Around 170,000 new homes were completed in that period, meaning a shortfall of around 94,000 homes based on potential new household additions, assuming average household sizes remained constant.

Typically, recent arrivals to Australia are more likely to rent, and existing dwellings are also housing options, but the deficit clearly illustrates the shortage impacting both prices for existing homes and the rental market.

This strength in housing demand relative to supply is one reason why home prices have remained resilient to the higher interest rate environment.

Strong labour market conditions, tight rental markets, home equity gains supporting upgrade activity and more recently interest rate stability have also been drivers of robust homebuying demand. 

This dynamic has fuelled a strong start to the year with home prices rising quickly in early 2024, though it is reasonable to expect a slowing from here as we move into a seasonally quieter period for property markets, especially with interest rate cut expectations pushed back.

 

This week the PropTrack Home Price Index showed the pace of monthly growth has slowed since March in every capital city, except Darwin.

 

Annual growth rates also look to have peaked in most capital city markets, slowing in Sydney, Melbourne, Brisbane, Adelaide, and Perth. Though Canberra, Hobart and Darwin saw the pace of annual growth increasing slightly.

 

But despite slowing growth, the home price uptrend remains intact and prices in most markets are recording robust growth.

 

The smaller capital cities continue to outperform, and Perth, Adelaide and Brisbane remain the strongest markets over the past year with prices 20.16%, 13.99% and 12.82% above April 2023 levels respectively. 

 

The relative affordability of these cities’ homes, population growth, and very tight rental markets are supporting home values. Low stock levels are intensifying competition amid strong buyer demand, resulting in a sellers’ market with home prices rising at a fast pace in 2024. 

 

 In fact, outside of houses in Perth (+20.80% year-on-year) the unit market in Brisbane is the top performing over the past year with prices up 15.08% compared to the same period last year.

 

Unit prices nationally have outpaced houses year to date, with affordability constraints in play. With housing affordability having deteriorated significantly, many buyers will shift down the value chain making trade-offs as dictated by what remains affordable.

 

The significant reduction in borrowing capacities and deterioration in affordability are being reflected elsewhere as lower value homes are recording stronger growth than more expensive homes across the combined capital cities. This is a direct contrast to the same time last year when the upper end was driving the recovery. 

The stable interest rate environment has likely been a driver of confidence among buyers and sellers, and with housing supply unable to meet demand across the country, national home prices reached a fresh peak in April as robust demand has continued to push prices upwards.

 

Higher interest rates and inflation are squeezing household budgets, and many remain concerned about the economic outlook.
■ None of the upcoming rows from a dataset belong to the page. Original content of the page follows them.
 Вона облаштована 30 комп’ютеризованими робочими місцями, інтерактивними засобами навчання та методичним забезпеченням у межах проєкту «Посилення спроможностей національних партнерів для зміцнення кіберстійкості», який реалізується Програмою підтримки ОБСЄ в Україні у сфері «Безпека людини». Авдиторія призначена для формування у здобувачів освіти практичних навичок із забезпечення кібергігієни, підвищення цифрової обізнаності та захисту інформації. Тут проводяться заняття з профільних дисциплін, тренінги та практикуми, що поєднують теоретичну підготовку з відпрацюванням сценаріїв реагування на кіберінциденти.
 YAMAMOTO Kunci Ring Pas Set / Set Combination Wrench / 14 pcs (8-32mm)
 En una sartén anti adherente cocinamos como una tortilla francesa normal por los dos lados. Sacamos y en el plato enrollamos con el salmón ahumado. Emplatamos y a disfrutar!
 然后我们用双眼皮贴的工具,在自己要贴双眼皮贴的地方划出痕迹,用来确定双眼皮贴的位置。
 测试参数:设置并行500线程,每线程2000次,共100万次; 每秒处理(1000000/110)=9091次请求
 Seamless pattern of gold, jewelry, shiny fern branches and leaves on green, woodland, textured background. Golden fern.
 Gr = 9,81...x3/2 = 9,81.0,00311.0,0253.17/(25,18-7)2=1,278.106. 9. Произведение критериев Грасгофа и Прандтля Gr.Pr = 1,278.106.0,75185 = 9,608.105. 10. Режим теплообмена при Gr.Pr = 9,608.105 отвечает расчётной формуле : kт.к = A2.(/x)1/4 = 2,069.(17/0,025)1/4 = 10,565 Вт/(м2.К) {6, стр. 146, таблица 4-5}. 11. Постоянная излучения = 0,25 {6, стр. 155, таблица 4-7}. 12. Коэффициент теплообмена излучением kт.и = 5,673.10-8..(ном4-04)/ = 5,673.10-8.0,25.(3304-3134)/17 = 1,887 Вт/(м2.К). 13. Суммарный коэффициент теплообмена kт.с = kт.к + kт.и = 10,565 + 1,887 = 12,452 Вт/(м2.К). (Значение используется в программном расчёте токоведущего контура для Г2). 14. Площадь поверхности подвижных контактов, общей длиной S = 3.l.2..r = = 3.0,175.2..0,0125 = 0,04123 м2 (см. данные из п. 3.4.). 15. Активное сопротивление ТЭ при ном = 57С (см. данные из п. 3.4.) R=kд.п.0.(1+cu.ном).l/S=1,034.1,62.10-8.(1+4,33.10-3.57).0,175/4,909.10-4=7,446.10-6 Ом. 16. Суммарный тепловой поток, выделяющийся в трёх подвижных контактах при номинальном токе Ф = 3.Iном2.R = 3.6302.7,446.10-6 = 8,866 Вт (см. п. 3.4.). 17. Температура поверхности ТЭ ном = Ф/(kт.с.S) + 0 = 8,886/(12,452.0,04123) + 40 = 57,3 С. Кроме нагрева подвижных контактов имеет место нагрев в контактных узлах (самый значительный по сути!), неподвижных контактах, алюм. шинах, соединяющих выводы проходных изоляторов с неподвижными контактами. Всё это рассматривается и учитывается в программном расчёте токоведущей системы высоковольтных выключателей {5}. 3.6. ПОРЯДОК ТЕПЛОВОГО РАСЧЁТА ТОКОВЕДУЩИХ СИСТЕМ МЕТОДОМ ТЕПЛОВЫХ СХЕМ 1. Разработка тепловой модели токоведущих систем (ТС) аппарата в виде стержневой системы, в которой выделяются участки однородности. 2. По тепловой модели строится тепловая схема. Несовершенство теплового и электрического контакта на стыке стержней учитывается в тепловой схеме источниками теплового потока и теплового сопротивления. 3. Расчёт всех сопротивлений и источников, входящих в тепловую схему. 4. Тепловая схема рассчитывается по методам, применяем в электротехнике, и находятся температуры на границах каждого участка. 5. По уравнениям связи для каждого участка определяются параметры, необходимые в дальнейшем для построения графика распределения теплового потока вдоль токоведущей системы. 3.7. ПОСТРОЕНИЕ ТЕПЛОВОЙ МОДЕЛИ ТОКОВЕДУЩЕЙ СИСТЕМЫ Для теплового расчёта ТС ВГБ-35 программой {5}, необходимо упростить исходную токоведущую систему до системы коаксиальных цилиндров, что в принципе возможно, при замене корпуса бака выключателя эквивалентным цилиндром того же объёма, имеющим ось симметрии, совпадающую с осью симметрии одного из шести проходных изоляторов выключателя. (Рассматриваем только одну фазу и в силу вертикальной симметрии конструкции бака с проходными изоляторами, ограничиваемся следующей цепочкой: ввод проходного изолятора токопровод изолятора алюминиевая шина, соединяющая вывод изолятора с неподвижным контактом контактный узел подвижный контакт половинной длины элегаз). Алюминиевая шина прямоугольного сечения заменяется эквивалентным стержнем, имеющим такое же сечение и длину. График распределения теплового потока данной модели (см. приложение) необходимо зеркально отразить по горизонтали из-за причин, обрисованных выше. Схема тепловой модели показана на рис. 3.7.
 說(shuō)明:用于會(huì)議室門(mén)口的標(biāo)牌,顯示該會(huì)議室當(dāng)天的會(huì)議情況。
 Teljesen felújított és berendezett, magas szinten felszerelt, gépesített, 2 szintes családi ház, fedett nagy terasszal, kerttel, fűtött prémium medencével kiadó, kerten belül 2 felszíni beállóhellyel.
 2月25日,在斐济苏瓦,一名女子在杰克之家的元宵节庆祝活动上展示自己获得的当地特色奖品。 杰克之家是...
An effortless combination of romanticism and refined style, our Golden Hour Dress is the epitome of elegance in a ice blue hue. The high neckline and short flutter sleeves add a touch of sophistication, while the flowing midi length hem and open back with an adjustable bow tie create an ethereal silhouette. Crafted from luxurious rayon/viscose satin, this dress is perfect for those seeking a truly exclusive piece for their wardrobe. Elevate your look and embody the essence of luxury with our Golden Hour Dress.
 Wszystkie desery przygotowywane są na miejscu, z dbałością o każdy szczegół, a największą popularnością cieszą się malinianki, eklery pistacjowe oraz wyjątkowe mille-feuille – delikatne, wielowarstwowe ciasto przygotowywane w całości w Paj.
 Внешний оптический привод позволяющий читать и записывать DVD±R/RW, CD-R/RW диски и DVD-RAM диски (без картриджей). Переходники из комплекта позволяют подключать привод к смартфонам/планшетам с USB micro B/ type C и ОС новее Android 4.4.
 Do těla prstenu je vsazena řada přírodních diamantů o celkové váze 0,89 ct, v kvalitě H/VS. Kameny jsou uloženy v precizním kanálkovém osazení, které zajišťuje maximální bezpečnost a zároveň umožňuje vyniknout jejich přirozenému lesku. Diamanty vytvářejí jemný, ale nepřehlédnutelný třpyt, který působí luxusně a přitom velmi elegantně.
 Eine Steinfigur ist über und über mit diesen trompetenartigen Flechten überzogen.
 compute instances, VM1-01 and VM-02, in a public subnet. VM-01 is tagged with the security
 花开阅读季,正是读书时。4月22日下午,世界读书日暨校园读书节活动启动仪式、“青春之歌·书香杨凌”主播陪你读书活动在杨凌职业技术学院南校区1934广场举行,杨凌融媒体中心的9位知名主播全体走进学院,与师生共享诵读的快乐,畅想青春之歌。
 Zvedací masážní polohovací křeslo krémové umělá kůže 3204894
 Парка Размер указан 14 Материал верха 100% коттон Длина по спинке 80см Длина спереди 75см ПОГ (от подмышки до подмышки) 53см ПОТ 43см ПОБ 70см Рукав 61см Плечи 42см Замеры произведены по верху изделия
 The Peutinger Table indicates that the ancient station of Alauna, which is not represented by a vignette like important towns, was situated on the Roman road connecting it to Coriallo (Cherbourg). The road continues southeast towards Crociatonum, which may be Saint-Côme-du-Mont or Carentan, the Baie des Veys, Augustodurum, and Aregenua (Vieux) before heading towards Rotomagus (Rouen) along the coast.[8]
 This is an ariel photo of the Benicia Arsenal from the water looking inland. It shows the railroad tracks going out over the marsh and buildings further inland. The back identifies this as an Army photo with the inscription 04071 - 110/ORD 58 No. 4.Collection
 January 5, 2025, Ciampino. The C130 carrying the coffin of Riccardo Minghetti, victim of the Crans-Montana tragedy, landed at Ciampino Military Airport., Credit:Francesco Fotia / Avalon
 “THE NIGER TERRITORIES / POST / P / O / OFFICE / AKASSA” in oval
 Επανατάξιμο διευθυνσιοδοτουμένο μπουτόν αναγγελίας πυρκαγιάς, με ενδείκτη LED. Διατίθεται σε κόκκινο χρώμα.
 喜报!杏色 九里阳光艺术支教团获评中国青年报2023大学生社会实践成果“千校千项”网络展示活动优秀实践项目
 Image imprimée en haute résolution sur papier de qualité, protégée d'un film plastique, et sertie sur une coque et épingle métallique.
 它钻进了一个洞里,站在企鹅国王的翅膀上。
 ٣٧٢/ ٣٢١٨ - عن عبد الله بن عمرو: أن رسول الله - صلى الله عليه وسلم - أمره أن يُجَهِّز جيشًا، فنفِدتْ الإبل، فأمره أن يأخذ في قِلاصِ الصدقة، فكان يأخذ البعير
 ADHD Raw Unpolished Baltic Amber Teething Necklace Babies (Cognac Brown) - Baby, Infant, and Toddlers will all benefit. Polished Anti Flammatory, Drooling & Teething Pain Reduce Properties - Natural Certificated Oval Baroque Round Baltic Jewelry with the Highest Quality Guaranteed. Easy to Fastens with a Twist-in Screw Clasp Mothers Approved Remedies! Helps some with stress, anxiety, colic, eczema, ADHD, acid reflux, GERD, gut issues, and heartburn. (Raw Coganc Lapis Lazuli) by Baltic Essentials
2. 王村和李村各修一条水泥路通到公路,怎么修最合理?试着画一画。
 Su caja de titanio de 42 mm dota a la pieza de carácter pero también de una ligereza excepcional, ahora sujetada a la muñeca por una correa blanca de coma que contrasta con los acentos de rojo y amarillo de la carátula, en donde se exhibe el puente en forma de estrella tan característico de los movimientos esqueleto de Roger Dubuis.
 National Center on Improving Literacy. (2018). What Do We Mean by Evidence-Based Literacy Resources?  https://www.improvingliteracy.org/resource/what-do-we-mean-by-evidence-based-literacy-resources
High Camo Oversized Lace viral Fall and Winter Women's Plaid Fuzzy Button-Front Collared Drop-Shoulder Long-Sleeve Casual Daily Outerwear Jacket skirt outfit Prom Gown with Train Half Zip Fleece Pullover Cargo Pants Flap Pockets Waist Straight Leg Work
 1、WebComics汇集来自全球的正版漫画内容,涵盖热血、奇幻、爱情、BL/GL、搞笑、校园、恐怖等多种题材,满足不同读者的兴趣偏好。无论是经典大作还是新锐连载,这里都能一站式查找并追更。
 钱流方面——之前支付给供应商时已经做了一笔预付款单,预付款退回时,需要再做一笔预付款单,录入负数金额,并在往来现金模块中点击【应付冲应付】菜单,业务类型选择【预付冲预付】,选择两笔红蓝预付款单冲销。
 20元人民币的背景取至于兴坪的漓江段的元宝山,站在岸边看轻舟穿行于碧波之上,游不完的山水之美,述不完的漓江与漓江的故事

But property prices are expected to lift further this year, with housing demand buoyed by population growth, tight rental markets, resilient labour market conditions and home equity gains, alongside the stable interest rate environment.

 

The supply side of the housing market has fallen short in responding to substantial demand. Building activity is at decade low levels, exacerbating the housing supply shortage and maintaining a floor under home prices.

 

Although higher than expected inflation in the March quarter has pushed back the expected timing of rate cuts most still expect that the next move for interest rates will be down. However, the timing remains uncertain.

 

As a result, prices are expected to lift further in the months ahead, though it’s likely the pace of growth will continue slowing as the seasonally quieter winter period approaches, particularly in tandem with rate cut expectations being pushed further out.

 

The smaller capital city markets, Perth, Adelaide, and Brisbane are likely to maintain their outperformance despite growth slowing as constrained stock levels are intensifying competition amid strong buyer demand.